If you want the 7-segment fonts in the display also install the Digiface
font on your system. |
Figure1 Inskip sounder showing the MUF for the Ordinary and Extra Ordinary ray
Figure 2 Cyprus sounder showing a typical Oblique Ionogram
Figure 3 Inskip Ionogram showing Sporadic E
Figure 4 Backscatter propagation observed with the Cyprus sounder
Fig
4 shows an interesting mode of propagation: Backscatter. As the
frequency exceeds the MUF the propagation delay suddenly jumps to twice
the normal delay. Normally beyond MUF no propagation is possible. The
receiver is situated in the dead zone around the transmitter. In this
case the dead zone around Cyprus is just above 3000 km, the distance
between my location and Cyprus. The only possible mode of propagation
to reach a receiver within the dead zone is backscatter. As a radio
wave hits the earth most of the energy is reflected in the same
horizontal direction as the incident wave was traveling. However
because the Earth is not a perfect reflector a small part of the energy
is scattered in all directions. Some of it may be reflected by the
ionosphere and reach receiving stations within the dead zone. An
interesting question is : where does the signal come from ?First of all, the region responsible for this ground scatter must be outside the dead zone surrounding the sounder.
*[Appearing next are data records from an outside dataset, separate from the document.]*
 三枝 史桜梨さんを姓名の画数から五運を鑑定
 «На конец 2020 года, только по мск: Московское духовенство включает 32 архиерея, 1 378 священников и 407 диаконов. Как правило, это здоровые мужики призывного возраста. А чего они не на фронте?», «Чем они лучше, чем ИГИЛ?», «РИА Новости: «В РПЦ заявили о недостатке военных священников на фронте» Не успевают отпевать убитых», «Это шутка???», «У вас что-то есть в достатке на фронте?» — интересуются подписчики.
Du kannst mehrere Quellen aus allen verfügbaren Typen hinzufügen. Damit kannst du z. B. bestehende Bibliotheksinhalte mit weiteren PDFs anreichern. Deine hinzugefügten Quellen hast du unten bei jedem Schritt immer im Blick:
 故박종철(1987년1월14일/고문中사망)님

Furthermore, signals originating from within the dead zone around the receiving station will not be reflected by the ionosphere. Therefore the origin of the backscatter signal must be just outside both dead zones. In other words: 3000 km away from Cyprus and 3000 km away from the Netherlands. This leads to two possible locations: The Sahara desert and the Ural mountains. As the frequency increases the dead zones will grow and the scatter area will move further away, which explains the increasing delay. Now, this was based on the presumption that the dead zones have a circular shape. In reality they don't. To find the real MUF contours I used ICEAREA from the ITS propagation prediction package.
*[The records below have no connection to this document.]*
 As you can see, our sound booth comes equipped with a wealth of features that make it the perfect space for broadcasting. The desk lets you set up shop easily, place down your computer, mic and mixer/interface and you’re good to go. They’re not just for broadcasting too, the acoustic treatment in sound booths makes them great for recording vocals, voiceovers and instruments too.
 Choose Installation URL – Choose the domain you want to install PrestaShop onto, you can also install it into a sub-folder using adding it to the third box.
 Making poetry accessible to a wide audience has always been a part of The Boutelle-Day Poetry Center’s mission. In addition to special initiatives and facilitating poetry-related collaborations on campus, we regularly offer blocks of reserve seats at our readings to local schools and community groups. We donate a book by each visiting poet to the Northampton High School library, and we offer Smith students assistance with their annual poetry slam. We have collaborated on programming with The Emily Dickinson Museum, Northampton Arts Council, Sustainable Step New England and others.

The plot shows the MUF contours for
24 and 27 MHz, the range in which the scatter signals were received. Now
we can measure the distance from each intersection (A, B, C and D) to
both Cyprus and The Netherlands and see if they match the delay that was
actually measured. The total distance from Cyprus to A and then from A
to The Netherlands is 4740 km corresponding to a delay of 15.8 ms at 24
MHZ. In the same way point B gives a total distance of 5714 km with a
delay of 19 ms on 27 MHz. The possible scatter area in Northern Africa
does not fit the delay measured at 21 ms on 24.5 MHz and 25 ms on 27
MHz. Point C gives a total distance of 6402 km corresponding to 21.3 ms
and point D 7540 km and 25.1 ms. This is an almost perfect fit to the
measured data. The conclusion must be that the area responsible for
generating the backscatter is roughly situated in Kazakhstan and shifts
towards Afghanistan with increasing frequency.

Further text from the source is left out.